Temps de lecture : 2 min

L'administration Trump avait parlé de réactiver ce système de contrôle, mais Obama vient de s'en débarrasser.

Des manifestants contre le possible fichage des musulmans par Trump, le 12 décembre 2016 à Washington. NICHOLAS KAMM/AFP.
Des manifestants contre le possible fichage des musulmans par Trump, le 12 décembre 2016 à Washington. NICHOLAS KAMM/AFP.

Juste avant l'arrivée de Trump à la Maison-Blanche, Barack Obama a décidé de démanteler un système de contrôle des musulmans mis en place par l'administration de George W. Bush après le 11-Septembre.
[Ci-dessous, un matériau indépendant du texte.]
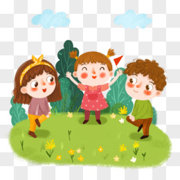 手绘卡通小朋友玩斗鸡游戏插画场景免抠元素
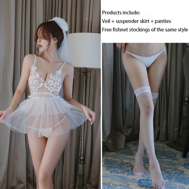 The product contains: veil + suspender skirt + panties + the same type of fishnet stockings
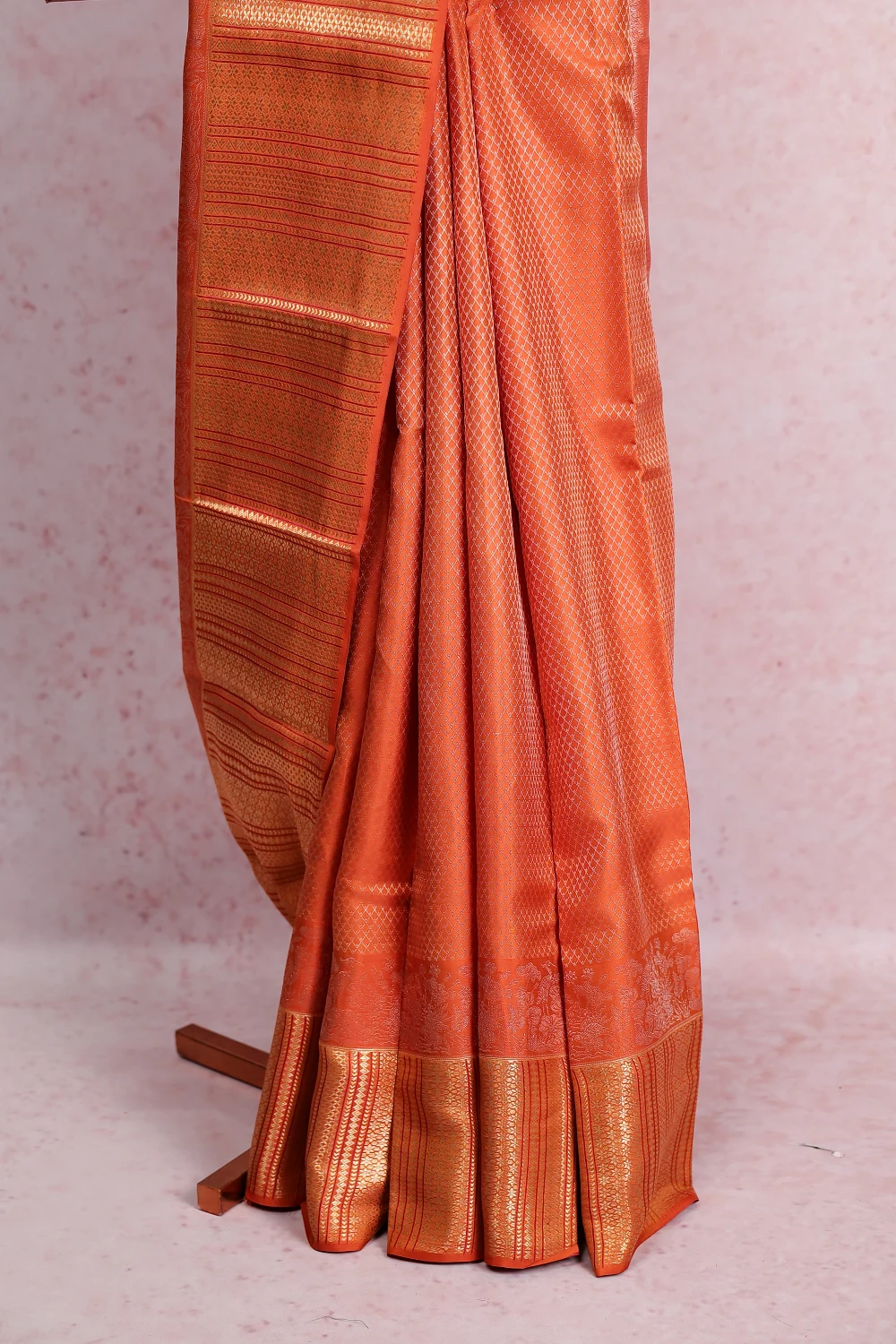 Orange Kancheepuram Silk Brocade Saree With Designer Border. Includes Un Stitched Blouse

Le National security entry-exit registration system (NSEERS) n'était plus utilisé depuis 2011, mais l'administration de Donald Trump avait évoqué la possibilité de le réactiver.
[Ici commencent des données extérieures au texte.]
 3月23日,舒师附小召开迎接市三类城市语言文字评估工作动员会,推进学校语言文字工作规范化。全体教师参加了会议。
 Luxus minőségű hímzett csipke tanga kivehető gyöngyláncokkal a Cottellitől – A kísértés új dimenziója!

Kris Kobach, un membre de l'équipe de transition de Trump qui a lui-même contribué à la création de ce programme sous l'administration Bush, a récemment expliqué que ce registre pourrait être rétabli sous Trump.

Cette initiative avait forcé des hommes adultes venant de vingt-cinq pays (tous des pays à majorité musulmane, sauf la Corée du Nord) à s'enregistrer auprès des autorités américaines (avec leurs empreintes digitales) et à signaler certains de leurs déplacements.

Un porte-parole du département de Sécurité intérieure a expliqué que ce programme était «redondant et n'avait pas permis de renforcer la sécurité». Entre 2002 et 2011, le système de fichage n'a mené à aucune arrestation liée au terrorisme, et depuis, d'autres outils plus performants ont commencé à être utilisés (par exemple, la collecte des données biométriques des personnes qui entrent sur le territoire).

Trump: «Vous connaissez mes projets»

Craignant que le système ne soit utilisé par Trump pour ficher tous les musulmans, de nombreuses associations, une cinquantaine de membres du Congrès et des maires de grandes villes avaient demandé à Obama de s'en débarasser. En effet, si le programme avait été vidé de sa substance en 2011, le cadre légal du fichage demeurait en place et aurait pû ainsi faciliter la mission de l'administration Trump.

Après l'attentat terroriste de Berlin le 19 décembre, un journaliste a demandé à Donald Trump s'il soutenait une interdiction des musulmans du pays et un fichage des musulmans. Le président-élu a répondu: «Vous connaissez mes projets.»

Mais en fait, ses projets sont loin d'être clairs et cohérents. Pendant sa campagne, Trump a dit qu'il interdirait tous les musulmans du territoire, puis seulement ceux qui viennent de pays qui ont une histoire de terrorisme. Il n'a jamais vraiment démenti la possibilité d'un fichier, mais est resté très flou, expliquant parfois qu'il ne s'agirait que des réfugiés syriens. La seule chose qu'il a répété c'est que le filtrage des nouveaux arrivants musulmans serait «extrême».